Cloud provider Iomart buys BTL backup for £23m
Seven-year-old Leeds DR firm swallowed by growth from Glasgow
Scotland's Iomart Group has acquired Leeds-based cloud backup and disaster recovery services provider Backup Technology (BTL) for £23m, according to an AIM announcement.
Angus MacSween, chief executive of Iomart Group, said BTL had performed impressively and broken ground in the delivery of cloud-based storage.
"They have been on our radar for some time. BTL gives Iomart a solid and well-established platform to grow further, with a very good enterprise customer base and little crossover with the existing group base," MacSween said. "BTL protects many petabytes of data for global organisations."
BTL was founded in 2005 and turns over about £5.2m a year.

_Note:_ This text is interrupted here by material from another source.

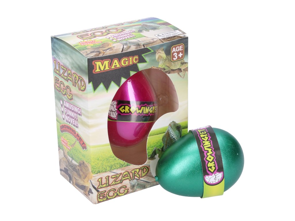 Vejce rostoucí ještěrka. Velikost 6,5 cm. 12 ks display box. 4 varianty - modrá, zlatá, zelená, fialová.

It has 16 staff and 200 enterprise customers, including Siemens, British Red Cross, Everton FC, Liverpool FC, Lloyds Register, Suzuki and Pernod Ricard.
The deal is for £17.5m in cash and £3.5m in new shares, with another £2m payable in cash on 31 January 2014, financed in part by a £35m debt package from the Bank of Scotland, incorporating a £15m term loan and £20m in revolving credit.

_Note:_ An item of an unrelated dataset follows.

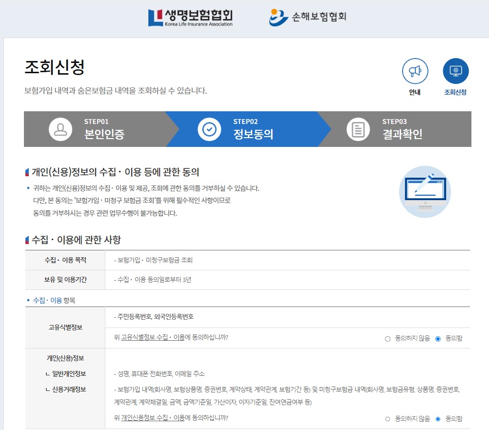 사이트에 접속하시면 3단계를 거쳐서 숨은 보험금을 찾을 수 있습니다.

Simon Chappell, founder and proprietor of BTL, is leaving the company. "We very much admire what MacSween and his team have done in establishing iomart as the leading player in the market for cloud services in the UK and can see that our backup expertise and services are a great fit," he said in a statement provided by Iomart.
BTL had turnover of £5.2m for the year to the end of December 2012. It employs 16 people.
Ritchie Fiddes, co-founder of BTL, said he would continue post-acquisition as sales and service director.
"Being able to plug directly into Iomart's expertise and its enterprise-level datacentres and fibre network means we can work with even bigger customers that require the big infrastructure and strong balance sheet that iomart can provide," Fiddes said.
About a month ago, Iomart bought Redstation, a Hampshire managed services provider.
Iomart's MacSween said its current hosting business is still growing strongly, and the two acquisitions this year would only add to the expansion.